We have concluded that plaintiff’s motion for leave to file a second amended complaint must be denied. As a general rule, the federal courts are extremely reluctant to deny leave to amend because of the spirit of liberality of the federal rules and the desire to have litigation proceed on the merits rather than on procedural technicalities reminiscent of a by-gone era. Fed.R. Civ.P. 15(a) expressly provides: “* * * leave shall be freely given when justice so requires.” See e. g. Foman v. Davis, 371 U.S. 178, 83 S.Ct. 227, 9 L.Ed.2d 222 (1962); Rotolo v. Borough of Charleroi, 532 F.2d 920 (3d Cir. 1976). See also Fed.R.Civ.P. 1; 3 J. Moore, Federal Practice ¶ 15.08[2] (2d ed. 1974).

However, it has been held that leave to file an amended complaint must be denied where the proposed amended complaint does not cure the supposed deficiencies of the original or where allowance of the amended complaint would prove a fruitless act. Foman, supra; Dixon v. Pennsylvania Crime Commission, 67 F.R.D. 425 (M.D.Pa.1975); Reaves v. Sielaff, 382 F.Supp. 472 (E.D.Pa.1974); Hodnik v. Baltimore & Ohio Railroad, 54 F.R.D. 184 (W.D.Pa.1972); Philadelphia Housing Authority v. American Radiator and Standard Corp., 309 F.Supp. 1057, 1064 (E.D.Pa.1969); 3 J. Moore, Federal Practice ¶ 15.08[4] at 902-905. The standard for testing the sufficiency of the proposed amended complaint is the same as that under Fed.R.Civ.P. 12(b)(6). Dixon v. Pennsylvania Crime Commission, supra ; 3 J. Moore, supra. Using this standard as our polestar, we turn to the proposed amended complaint, accepting as true all well-pleaded factual averments and construing it with all inferences in favor of the plaintiff. Jenkins v. McKeithen, 395 U.S. 411, 89 S.Ct. 1843, 23 L.Ed.2d 404 (1969); Conley v. Gibson, 355 U.S. 41, 45-46, 78 S.Ct. 99, 2 L.Ed.2d 80 (1957).

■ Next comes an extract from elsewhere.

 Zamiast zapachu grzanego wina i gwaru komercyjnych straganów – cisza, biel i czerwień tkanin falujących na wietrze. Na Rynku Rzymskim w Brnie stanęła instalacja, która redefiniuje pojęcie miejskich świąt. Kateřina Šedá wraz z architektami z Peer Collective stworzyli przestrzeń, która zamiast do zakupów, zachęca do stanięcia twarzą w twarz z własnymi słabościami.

Summary of the Allegations: Proposed Amended Complaint

The proposed amended complaint is in five counts. The well-pleaded factual averments state the following: Plaintiff is a *389 black male residing in Norristown. In Count I he alleges that in August, 1974 an official communication of the Pennsylvania State Police was distributed to all banks in Pennsylvania. The directive stated in part:

“Take photos of any black males or females coming into bank who may look suspicious: [who]
(A) Come in to ask directions
(B) Exchange large bill for small money
(C) Come in for no apparent reason NOTIFY LOCAL STATE POLICE.”

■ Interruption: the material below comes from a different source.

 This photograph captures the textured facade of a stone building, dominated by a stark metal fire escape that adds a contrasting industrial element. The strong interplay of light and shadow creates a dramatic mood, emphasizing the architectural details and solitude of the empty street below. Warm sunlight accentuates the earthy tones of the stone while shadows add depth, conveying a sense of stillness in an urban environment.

Pursuant to this directive of August, 1974 defendant Bank of King of Prussia and all other similarly situated banks in Pennsylvania acting under color of state law, and in concert and conspiracy with the other defendants,

“* * * commenced programs and practices to intentionally, voluntarily, and arbitrarily photograph all suspicious looking blacks who entered their banks; to cause the film containing such photographs to be marked and stored for later developing and/or to be developed promptly thereafter; to notify their local state police office that they had taken this action; and to deliver to said state police, or otherwise make available to them, such film or photographs — all in furtherance of the suggestions set forth in the directive.” (Complaint ¶ 15.)

On March 17, 1976, plaintiff entered the defendant bank to transact business during business hours and was intentionally photographed because of his race in accordance with the Directive. (¶ 16) The film containing the photographs was delivered to the Pennsylvania State Police and the film is being preserved for some future unlawful purposes (¶ 17).